## [Raw data]

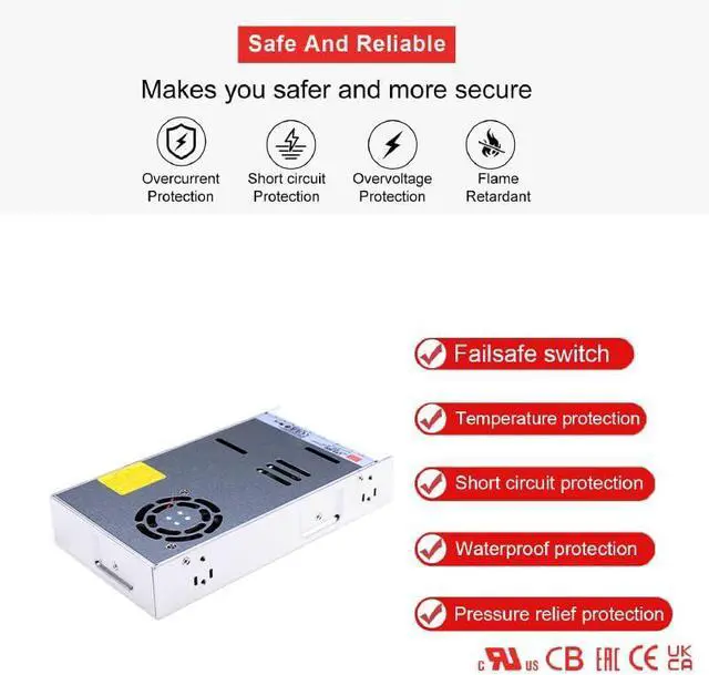 Safety and Compliance for Peace of Mind: Fully compliant with UL/IEC/EN62368-1 safety standards, this power supply meets international regulations, ensuring safe and reliable operation in industrial automation and critical infrastructure.
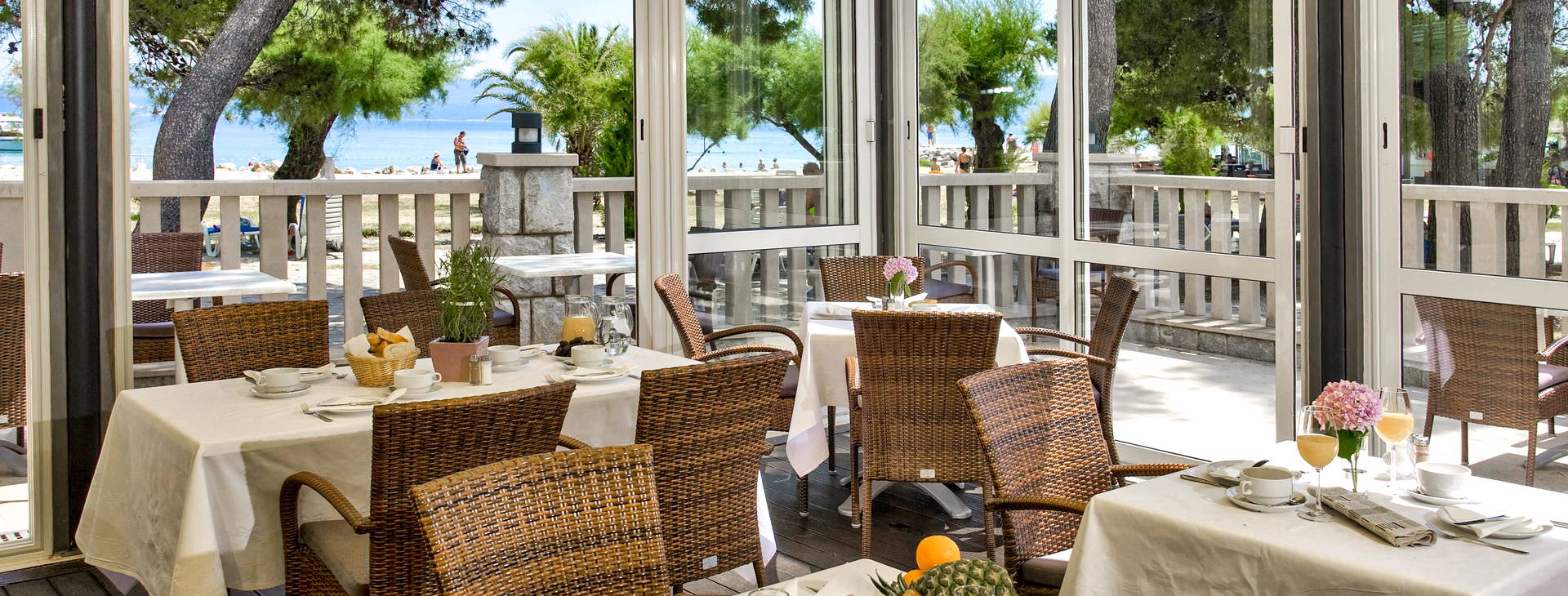 Raňajky a večere formou bufetu (bohatý výber jedál dalmatínskej a medzinárodnej kuchyne).
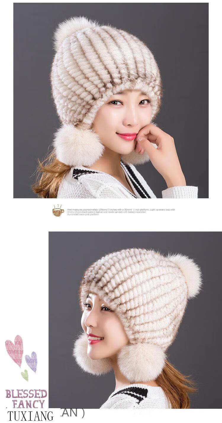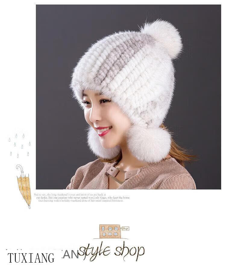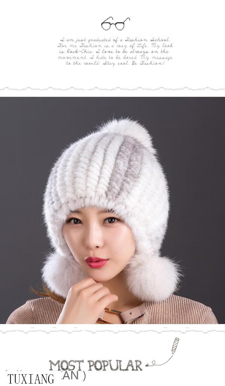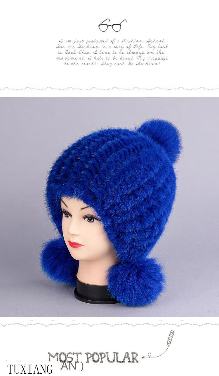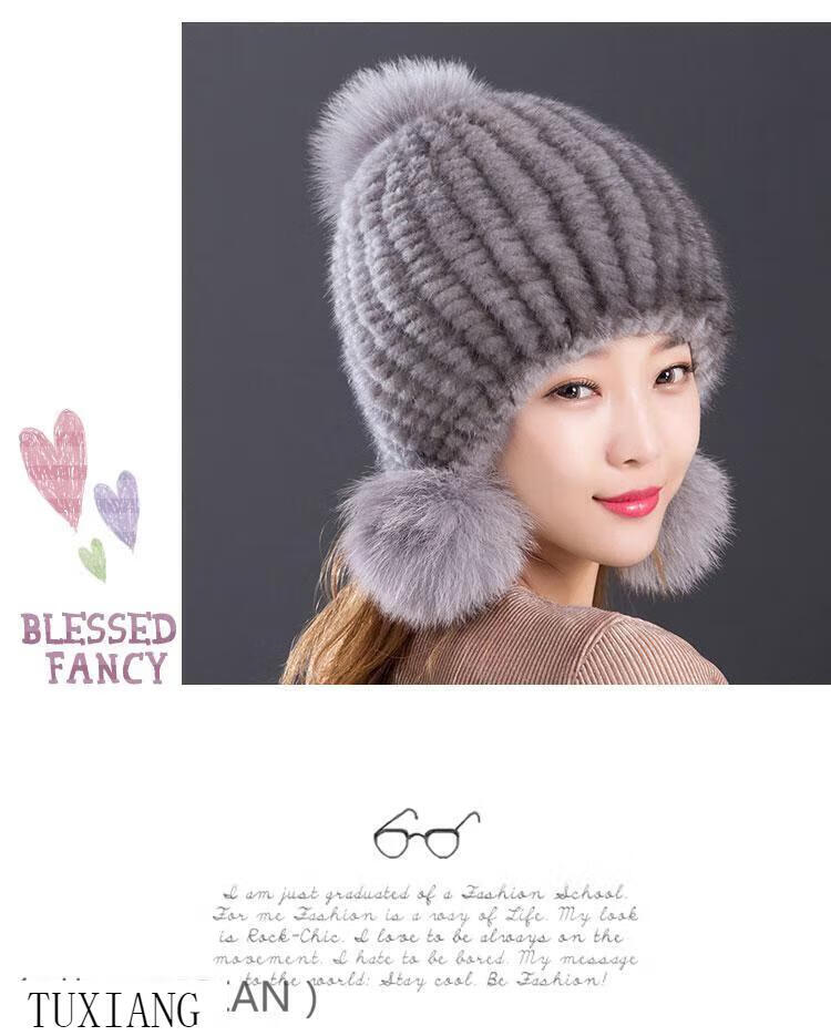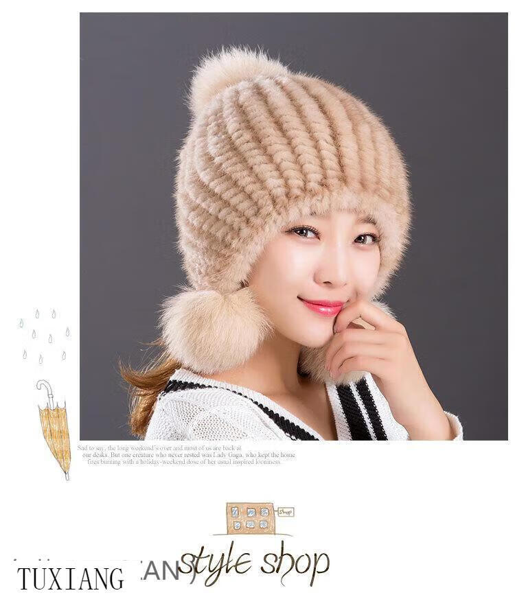 Jiaojing mink hat mink whole mink hat women's winter knitted hat women's ball ear protection wine red dark brown one size fits all, elastic
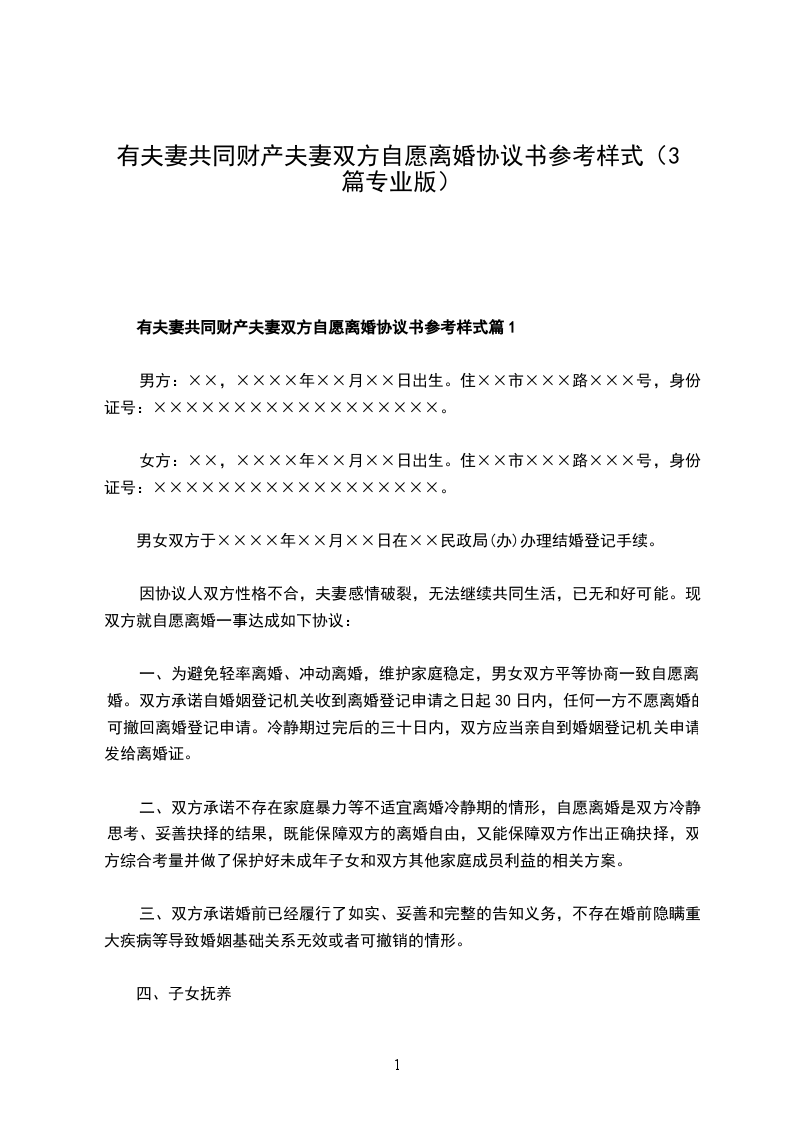 7.本协议一式三份,男女双方各持一份,婚姻登记机关存档一份。

## [Exercise directions]
Recopy the full listing exactly, passing over any picture.

## [Exercise output]
 Safety and Compliance for Peace of Mind: Fully compliant with UL/IEC/EN62368-1 safety standards, this power supply meets international regulations, ensuring safe and reliable operation in industrial automation and critical infrastructure.
 Raňajky a večere formou bufetu (bohatý výber jedál dalmatínskej a medzinárodnej kuchyne).
 Jiaojing mink hat mink whole mink hat women's winter knitted hat women's ball ear protection wine red dark brown one size fits all, elastic
 7.本协议一式三份,男女双方各持一份,婚姻登记机关存档一份。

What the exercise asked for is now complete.